SOURCE MATERIAL

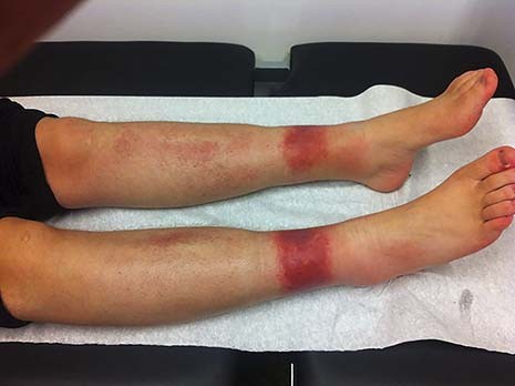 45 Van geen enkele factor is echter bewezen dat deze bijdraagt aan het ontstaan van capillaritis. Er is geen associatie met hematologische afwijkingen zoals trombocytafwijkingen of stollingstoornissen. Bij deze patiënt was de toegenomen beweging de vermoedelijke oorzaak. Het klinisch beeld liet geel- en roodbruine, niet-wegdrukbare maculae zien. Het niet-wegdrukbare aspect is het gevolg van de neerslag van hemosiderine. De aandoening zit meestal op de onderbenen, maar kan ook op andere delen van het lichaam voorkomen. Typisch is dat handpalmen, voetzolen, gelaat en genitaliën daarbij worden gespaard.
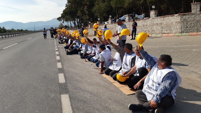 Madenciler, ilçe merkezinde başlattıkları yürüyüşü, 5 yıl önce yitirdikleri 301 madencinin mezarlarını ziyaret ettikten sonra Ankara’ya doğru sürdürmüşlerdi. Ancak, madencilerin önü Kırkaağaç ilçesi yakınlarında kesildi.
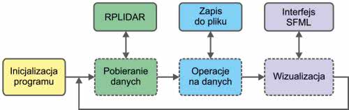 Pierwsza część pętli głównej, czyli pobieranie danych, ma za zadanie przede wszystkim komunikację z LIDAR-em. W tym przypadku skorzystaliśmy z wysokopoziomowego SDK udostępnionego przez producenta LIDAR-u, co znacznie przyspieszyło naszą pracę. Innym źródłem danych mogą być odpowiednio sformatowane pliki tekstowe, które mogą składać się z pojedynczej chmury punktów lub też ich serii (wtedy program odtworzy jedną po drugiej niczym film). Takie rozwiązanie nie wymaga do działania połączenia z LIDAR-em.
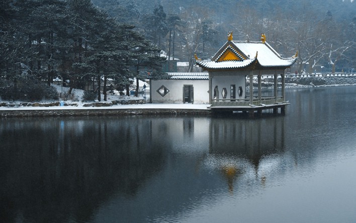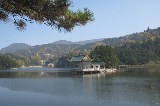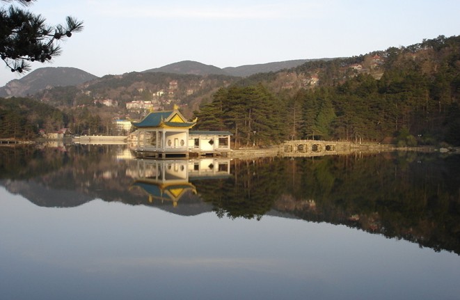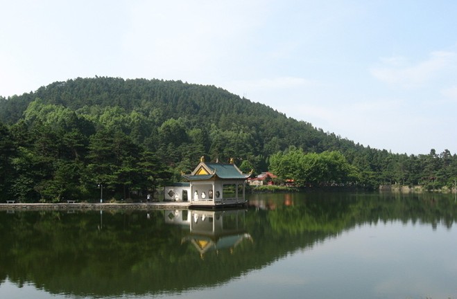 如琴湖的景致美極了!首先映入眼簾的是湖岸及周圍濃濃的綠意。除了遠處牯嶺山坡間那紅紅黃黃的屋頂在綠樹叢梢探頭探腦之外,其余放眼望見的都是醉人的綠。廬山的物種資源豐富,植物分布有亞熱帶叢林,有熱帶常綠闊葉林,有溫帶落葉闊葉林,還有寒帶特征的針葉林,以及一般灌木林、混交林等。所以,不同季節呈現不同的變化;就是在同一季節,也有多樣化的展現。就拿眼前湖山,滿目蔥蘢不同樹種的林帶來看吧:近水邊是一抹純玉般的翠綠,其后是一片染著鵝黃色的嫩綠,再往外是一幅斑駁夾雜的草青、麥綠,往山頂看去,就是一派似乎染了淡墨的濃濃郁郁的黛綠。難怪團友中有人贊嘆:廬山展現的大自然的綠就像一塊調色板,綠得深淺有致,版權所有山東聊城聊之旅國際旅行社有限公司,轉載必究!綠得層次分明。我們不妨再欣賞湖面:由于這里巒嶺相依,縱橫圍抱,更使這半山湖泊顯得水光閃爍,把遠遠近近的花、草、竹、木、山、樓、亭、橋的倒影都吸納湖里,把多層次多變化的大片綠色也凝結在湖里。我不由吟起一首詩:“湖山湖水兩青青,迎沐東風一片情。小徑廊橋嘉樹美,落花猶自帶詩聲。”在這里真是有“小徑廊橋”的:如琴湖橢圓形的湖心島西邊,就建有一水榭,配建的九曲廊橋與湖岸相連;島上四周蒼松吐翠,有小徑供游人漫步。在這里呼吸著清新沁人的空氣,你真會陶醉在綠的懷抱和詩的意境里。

TASK TO CARRY OUT
Omit the images; transcribe the listing verbatim.

SOLUTION TO THIS EXERCISE
 45 Van geen enkele factor is echter bewezen dat deze bijdraagt aan het ontstaan van capillaritis. Er is geen associatie met hematologische afwijkingen zoals trombocytafwijkingen of stollingstoornissen. Bij deze patiënt was de toegenomen beweging de vermoedelijke oorzaak. Het klinisch beeld liet geel- en roodbruine, niet-wegdrukbare maculae zien. Het niet-wegdrukbare aspect is het gevolg van de neerslag van hemosiderine. De aandoening zit meestal op de onderbenen, maar kan ook op andere delen van het lichaam voorkomen. Typisch is dat handpalmen, voetzolen, gelaat en genitaliën daarbij worden gespaard.
 Madenciler, ilçe merkezinde başlattıkları yürüyüşü, 5 yıl önce yitirdikleri 301 madencinin mezarlarını ziyaret ettikten sonra Ankara’ya doğru sürdürmüşlerdi. Ancak, madencilerin önü Kırkaağaç ilçesi yakınlarında kesildi.
 Pierwsza część pętli głównej, czyli pobieranie danych, ma za zadanie przede wszystkim komunikację z LIDAR-em. W tym przypadku skorzystaliśmy z wysokopoziomowego SDK udostępnionego przez producenta LIDAR-u, co znacznie przyspieszyło naszą pracę. Innym źródłem danych mogą być odpowiednio sformatowane pliki tekstowe, które mogą składać się z pojedynczej chmury punktów lub też ich serii (wtedy program odtworzy jedną po drugiej niczym film). Takie rozwiązanie nie wymaga do działania połączenia z LIDAR-em.
 如琴湖的景致美極了!首先映入眼簾的是湖岸及周圍濃濃的綠意。除了遠處牯嶺山坡間那紅紅黃黃的屋頂在綠樹叢梢探頭探腦之外,其余放眼望見的都是醉人的綠。廬山的物種資源豐富,植物分布有亞熱帶叢林,有熱帶常綠闊葉林,有溫帶落葉闊葉林,還有寒帶特征的針葉林,以及一般灌木林、混交林等。所以,不同季節呈現不同的變化;就是在同一季節,也有多樣化的展現。就拿眼前湖山,滿目蔥蘢不同樹種的林帶來看吧:近水邊是一抹純玉般的翠綠,其后是一片染著鵝黃色的嫩綠,再往外是一幅斑駁夾雜的草青、麥綠,往山頂看去,就是一派似乎染了淡墨的濃濃郁郁的黛綠。難怪團友中有人贊嘆:廬山展現的大自然的綠就像一塊調色板,綠得深淺有致,版權所有山東聊城聊之旅國際旅行社有限公司,轉載必究!綠得層次分明。我們不妨再欣賞湖面:由于這里巒嶺相依,縱橫圍抱,更使這半山湖泊顯得水光閃爍,把遠遠近近的花、草、竹、木、山、樓、亭、橋的倒影都吸納湖里,把多層次多變化的大片綠色也凝結在湖里。我不由吟起一首詩:“湖山湖水兩青青,迎沐東風一片情。小徑廊橋嘉樹美,落花猶自帶詩聲。”在這里真是有“小徑廊橋”的:如琴湖橢圓形的湖心島西邊,就建有一水榭,配建的九曲廊橋與湖岸相連;島上四周蒼松吐翠,有小徑供游人漫步。在這里呼吸著清新沁人的空氣,你真會陶醉在綠的懷抱和詩的意境里。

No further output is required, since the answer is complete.